TASK PROMPT | Somewhere below are a line with "ADTEC JTM Kampus" and a later line with "GitHub 事件触发则把 Routine". Output exactly those lines and all lines between them.

INFORMATION SUPPLIED |
•••
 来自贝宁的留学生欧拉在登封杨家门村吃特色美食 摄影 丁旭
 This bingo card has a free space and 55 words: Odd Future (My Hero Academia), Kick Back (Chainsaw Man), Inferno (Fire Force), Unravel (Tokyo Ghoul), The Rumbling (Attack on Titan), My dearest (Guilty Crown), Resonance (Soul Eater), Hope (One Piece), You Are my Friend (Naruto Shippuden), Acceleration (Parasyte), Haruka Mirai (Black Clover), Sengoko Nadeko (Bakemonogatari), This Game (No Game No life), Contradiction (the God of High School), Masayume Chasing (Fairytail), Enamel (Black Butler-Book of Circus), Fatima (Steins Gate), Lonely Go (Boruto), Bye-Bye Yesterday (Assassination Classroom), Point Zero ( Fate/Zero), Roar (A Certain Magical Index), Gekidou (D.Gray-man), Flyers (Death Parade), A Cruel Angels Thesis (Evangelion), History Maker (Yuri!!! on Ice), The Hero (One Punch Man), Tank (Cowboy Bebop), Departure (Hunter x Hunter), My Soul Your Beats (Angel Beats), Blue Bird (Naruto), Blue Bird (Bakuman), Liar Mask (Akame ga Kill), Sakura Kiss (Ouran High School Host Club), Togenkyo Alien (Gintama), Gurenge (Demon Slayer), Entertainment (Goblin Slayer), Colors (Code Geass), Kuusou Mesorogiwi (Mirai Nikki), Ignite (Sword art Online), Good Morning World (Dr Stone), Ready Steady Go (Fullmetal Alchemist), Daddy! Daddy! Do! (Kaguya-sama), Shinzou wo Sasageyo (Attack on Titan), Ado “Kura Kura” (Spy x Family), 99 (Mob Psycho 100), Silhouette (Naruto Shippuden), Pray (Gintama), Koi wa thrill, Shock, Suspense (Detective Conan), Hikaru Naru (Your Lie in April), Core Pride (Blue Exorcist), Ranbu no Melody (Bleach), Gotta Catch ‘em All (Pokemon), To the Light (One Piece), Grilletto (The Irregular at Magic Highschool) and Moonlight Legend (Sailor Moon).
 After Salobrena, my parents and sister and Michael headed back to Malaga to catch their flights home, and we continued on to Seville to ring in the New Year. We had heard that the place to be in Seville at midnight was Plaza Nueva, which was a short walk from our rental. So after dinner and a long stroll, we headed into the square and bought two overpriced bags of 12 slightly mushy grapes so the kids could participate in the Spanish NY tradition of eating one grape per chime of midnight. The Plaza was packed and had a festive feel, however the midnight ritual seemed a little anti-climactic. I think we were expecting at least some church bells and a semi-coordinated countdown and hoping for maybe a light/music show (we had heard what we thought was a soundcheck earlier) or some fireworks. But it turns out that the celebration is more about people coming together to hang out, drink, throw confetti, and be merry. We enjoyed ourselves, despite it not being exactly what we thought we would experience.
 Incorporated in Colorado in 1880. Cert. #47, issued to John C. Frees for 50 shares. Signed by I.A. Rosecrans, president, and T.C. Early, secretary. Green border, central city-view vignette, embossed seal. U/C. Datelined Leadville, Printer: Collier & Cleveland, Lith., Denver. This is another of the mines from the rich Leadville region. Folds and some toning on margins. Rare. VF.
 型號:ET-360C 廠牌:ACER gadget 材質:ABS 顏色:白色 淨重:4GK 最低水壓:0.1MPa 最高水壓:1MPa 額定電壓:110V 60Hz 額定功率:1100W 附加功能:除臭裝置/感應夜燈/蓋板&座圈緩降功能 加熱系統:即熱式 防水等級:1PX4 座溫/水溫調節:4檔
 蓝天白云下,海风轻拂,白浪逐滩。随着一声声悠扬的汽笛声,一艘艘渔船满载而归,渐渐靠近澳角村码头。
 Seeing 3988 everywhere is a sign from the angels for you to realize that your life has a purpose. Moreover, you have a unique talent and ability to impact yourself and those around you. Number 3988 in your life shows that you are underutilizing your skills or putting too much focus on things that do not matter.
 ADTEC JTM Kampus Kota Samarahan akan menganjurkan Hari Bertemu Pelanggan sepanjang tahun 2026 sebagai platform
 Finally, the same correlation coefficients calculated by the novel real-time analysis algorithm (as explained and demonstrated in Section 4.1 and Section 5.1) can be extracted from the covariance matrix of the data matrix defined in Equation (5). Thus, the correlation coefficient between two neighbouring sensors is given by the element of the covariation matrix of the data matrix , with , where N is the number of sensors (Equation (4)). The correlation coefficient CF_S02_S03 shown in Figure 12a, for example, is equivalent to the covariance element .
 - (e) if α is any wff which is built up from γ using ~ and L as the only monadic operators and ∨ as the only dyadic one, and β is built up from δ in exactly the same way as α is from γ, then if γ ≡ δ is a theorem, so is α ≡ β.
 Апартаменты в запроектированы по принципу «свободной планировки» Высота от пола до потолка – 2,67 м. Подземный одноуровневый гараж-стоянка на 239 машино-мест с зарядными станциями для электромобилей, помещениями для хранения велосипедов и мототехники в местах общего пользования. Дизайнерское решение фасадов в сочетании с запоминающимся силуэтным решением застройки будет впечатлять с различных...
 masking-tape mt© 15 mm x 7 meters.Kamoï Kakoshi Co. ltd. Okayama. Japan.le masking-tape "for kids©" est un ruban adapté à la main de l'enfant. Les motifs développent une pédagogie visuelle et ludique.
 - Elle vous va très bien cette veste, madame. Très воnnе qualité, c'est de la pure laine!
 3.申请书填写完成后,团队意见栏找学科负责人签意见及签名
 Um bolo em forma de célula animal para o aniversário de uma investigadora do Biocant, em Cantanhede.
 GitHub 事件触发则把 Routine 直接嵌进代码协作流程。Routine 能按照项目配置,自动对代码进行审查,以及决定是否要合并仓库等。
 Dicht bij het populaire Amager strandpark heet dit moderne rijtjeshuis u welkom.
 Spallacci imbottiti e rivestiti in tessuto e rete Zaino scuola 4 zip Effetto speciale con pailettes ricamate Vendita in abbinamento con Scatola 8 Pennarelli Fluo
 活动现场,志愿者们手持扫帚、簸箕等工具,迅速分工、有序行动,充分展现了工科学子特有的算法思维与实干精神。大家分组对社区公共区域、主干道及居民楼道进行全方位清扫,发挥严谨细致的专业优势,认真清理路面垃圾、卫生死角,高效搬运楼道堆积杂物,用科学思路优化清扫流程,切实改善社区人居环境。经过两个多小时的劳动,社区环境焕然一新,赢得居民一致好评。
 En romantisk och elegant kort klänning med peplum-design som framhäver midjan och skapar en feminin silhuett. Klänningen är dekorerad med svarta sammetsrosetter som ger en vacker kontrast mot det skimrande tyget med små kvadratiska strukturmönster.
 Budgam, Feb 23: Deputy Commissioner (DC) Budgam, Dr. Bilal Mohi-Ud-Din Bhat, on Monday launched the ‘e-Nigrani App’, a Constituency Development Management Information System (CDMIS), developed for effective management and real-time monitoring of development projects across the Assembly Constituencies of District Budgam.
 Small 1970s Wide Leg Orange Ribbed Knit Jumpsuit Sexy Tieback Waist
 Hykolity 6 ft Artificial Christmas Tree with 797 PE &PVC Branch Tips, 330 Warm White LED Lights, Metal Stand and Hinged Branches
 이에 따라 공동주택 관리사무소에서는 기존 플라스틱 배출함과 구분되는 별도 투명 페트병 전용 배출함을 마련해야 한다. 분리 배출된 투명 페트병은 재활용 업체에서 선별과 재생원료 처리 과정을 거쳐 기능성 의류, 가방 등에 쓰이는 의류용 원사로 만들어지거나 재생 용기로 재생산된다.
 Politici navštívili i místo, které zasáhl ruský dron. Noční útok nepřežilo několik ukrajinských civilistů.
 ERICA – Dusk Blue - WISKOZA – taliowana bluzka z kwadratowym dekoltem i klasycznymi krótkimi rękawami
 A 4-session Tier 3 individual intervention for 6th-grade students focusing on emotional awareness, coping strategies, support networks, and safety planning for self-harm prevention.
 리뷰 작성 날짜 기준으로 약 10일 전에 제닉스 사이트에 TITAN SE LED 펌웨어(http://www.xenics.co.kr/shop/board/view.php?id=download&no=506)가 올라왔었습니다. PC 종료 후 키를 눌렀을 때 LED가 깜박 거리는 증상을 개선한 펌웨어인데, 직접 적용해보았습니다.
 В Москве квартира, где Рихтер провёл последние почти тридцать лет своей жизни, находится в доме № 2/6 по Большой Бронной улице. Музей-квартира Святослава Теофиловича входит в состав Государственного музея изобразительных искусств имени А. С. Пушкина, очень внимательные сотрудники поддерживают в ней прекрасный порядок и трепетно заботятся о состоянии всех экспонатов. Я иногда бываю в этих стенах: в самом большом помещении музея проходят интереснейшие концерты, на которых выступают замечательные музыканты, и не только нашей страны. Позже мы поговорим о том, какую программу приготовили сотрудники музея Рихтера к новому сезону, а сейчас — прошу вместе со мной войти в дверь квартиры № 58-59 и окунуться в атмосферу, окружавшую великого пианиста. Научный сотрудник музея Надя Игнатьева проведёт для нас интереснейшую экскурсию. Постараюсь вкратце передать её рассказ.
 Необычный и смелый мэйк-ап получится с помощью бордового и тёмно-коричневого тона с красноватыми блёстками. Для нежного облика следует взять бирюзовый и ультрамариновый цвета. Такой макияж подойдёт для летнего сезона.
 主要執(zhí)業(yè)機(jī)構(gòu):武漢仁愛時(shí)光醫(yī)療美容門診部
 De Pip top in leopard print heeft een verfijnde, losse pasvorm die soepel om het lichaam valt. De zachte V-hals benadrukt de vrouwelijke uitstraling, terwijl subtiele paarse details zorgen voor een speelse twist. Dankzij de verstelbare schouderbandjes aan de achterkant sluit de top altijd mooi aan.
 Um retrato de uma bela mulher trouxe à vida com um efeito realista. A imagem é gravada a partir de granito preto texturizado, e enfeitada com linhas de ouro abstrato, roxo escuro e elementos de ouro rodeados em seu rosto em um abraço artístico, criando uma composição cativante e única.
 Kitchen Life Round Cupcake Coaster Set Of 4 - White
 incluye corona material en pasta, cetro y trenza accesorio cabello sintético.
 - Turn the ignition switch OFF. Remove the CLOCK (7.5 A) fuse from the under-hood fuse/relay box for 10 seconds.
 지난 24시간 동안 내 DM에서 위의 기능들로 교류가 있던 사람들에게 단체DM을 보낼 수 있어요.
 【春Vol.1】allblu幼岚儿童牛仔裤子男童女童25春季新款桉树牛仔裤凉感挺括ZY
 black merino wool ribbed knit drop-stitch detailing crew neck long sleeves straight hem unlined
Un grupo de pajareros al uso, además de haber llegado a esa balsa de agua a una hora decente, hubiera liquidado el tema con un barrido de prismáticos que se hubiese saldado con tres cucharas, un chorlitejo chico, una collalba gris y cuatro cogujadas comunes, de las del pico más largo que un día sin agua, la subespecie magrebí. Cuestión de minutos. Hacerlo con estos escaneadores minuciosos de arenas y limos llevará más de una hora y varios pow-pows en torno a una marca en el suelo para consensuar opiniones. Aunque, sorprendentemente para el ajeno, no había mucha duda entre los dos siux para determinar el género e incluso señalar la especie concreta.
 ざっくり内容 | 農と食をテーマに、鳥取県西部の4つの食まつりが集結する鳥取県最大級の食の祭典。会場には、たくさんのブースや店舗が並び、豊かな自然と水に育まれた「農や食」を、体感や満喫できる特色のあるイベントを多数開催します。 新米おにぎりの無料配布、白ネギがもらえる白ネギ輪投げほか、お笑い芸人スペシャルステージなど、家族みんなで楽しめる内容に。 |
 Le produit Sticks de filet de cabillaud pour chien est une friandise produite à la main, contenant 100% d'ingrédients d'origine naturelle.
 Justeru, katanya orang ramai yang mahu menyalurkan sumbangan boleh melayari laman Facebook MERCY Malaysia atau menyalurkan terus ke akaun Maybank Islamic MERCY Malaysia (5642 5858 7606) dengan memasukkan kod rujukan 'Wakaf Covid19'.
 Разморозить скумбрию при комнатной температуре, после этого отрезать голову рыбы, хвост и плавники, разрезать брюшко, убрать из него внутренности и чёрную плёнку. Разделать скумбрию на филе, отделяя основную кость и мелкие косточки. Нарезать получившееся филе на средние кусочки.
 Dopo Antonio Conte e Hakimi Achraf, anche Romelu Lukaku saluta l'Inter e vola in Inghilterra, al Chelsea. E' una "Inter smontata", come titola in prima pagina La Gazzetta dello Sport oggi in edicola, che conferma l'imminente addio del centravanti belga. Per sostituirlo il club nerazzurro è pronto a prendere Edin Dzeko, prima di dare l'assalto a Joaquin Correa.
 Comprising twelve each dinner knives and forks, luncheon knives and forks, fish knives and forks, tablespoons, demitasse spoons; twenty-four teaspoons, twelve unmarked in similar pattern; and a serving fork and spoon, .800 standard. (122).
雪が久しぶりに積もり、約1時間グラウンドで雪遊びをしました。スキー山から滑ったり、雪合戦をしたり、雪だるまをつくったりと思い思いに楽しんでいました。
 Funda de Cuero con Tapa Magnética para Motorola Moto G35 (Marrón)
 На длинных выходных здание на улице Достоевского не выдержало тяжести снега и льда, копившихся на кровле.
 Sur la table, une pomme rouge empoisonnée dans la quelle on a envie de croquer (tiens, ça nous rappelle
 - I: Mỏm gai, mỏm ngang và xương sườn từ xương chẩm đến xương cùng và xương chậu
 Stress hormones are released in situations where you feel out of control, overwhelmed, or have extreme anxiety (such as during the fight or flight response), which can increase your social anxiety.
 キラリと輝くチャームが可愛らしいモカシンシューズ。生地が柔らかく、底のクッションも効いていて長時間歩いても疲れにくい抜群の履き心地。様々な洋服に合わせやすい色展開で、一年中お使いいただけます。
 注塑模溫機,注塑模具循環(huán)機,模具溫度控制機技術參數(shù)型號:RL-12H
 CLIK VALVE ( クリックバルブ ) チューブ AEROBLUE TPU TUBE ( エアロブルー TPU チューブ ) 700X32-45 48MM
•••
RESULT OF THIS TASK |
 ADTEC JTM Kampus Kota Samarahan akan menganjurkan Hari Bertemu Pelanggan sepanjang tahun 2026 sebagai platform
 Finally, the same correlation coefficients calculated by the novel real-time analysis algorithm (as explained and demonstrated in Section 4.1 and Section 5.1) can be extracted from the covariance matrix of the data matrix defined in Equation (5). Thus, the correlation coefficient between two neighbouring sensors is given by the element of the covariation matrix of the data matrix , with , where N is the number of sensors (Equation (4)). The correlation coefficient CF_S02_S03 shown in Figure 12a, for example, is equivalent to the covariance element .
 - (e) if α is any wff which is built up from γ using ~ and L as the only monadic operators and ∨ as the only dyadic one, and β is built up from δ in exactly the same way as α is from γ, then if γ ≡ δ is a theorem, so is α ≡ β.
 Апартаменты в запроектированы по принципу «свободной планировки» Высота от пола до потолка – 2,67 м. Подземный одноуровневый гараж-стоянка на 239 машино-мест с зарядными станциями для электромобилей, помещениями для хранения велосипедов и мототехники в местах общего пользования. Дизайнерское решение фасадов в сочетании с запоминающимся силуэтным решением застройки будет впечатлять с различных...
 masking-tape mt© 15 mm x 7 meters.Kamoï Kakoshi Co. ltd. Okayama. Japan.le masking-tape "for kids©" est un ruban adapté à la main de l'enfant. Les motifs développent une pédagogie visuelle et ludique.
 - Elle vous va très bien cette veste, madame. Très воnnе qualité, c'est de la pure laine!
 3.申请书填写完成后,团队意见栏找学科负责人签意见及签名
 Um bolo em forma de célula animal para o aniversário de uma investigadora do Biocant, em Cantanhede.
 GitHub 事件触发则把 Routine 直接嵌进代码协作流程。Routine 能按照项目配置,自动对代码进行审查,以及决定是否要合并仓库等。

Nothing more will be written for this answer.